Activity:
Across the entries below, how many lines have the string "Chère" in them? Reply with only the number.

Data records:
===

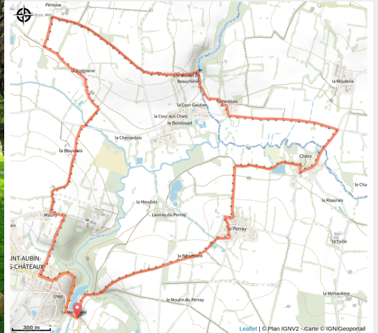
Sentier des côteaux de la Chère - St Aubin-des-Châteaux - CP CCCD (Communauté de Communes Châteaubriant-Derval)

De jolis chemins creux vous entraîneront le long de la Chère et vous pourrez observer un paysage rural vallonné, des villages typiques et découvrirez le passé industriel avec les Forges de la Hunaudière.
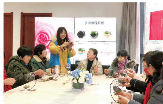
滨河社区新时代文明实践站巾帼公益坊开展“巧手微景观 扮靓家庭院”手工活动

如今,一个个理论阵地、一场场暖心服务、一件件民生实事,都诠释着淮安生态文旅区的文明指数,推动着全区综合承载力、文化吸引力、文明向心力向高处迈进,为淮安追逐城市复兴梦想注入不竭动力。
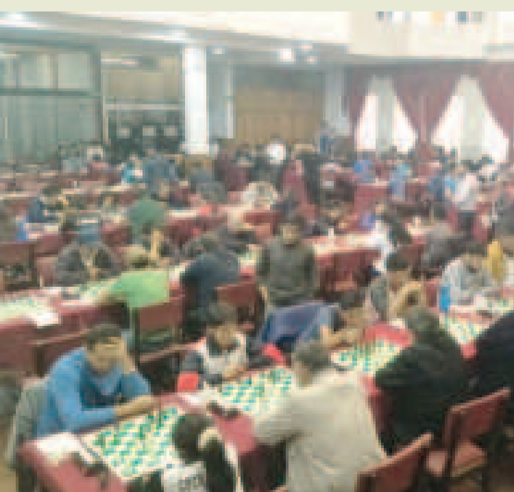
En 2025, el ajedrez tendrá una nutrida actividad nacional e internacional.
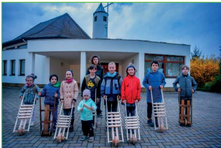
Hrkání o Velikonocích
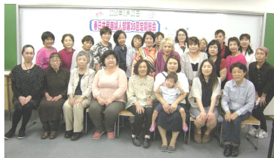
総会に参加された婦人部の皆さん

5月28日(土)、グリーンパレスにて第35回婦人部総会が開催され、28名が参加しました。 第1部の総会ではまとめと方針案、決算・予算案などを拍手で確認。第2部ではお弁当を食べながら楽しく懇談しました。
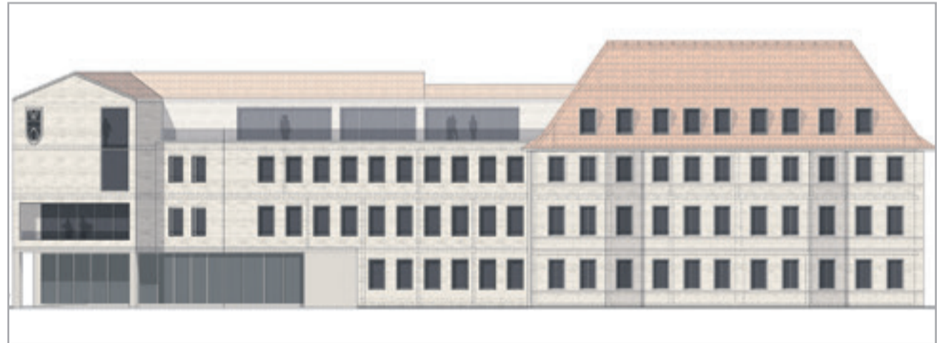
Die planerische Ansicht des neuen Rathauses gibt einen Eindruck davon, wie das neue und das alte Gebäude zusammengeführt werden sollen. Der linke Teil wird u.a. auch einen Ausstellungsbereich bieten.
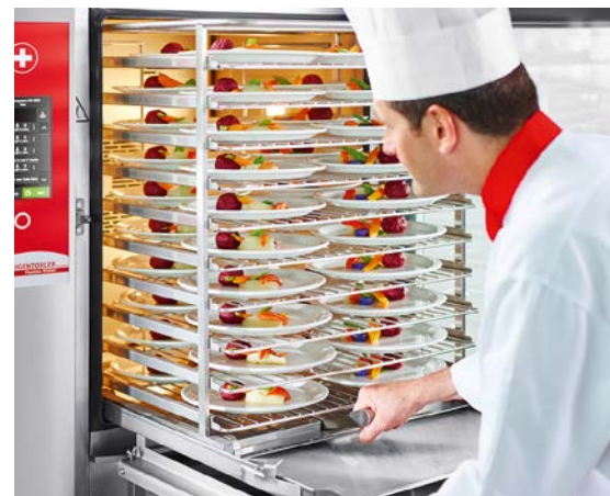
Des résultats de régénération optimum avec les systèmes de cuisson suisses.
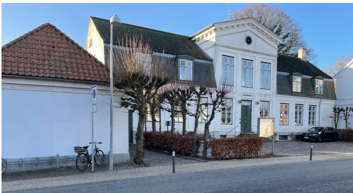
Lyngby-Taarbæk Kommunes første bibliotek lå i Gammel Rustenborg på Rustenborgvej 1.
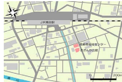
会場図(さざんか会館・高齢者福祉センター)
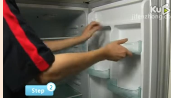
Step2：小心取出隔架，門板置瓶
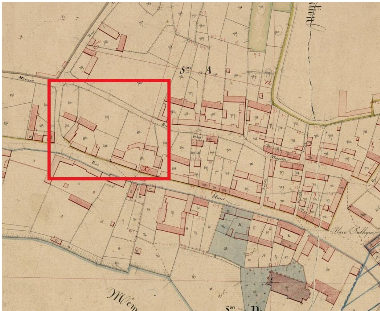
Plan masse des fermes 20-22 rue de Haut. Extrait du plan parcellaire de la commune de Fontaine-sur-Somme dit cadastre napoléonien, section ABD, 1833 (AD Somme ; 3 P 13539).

===

Exercise result:
2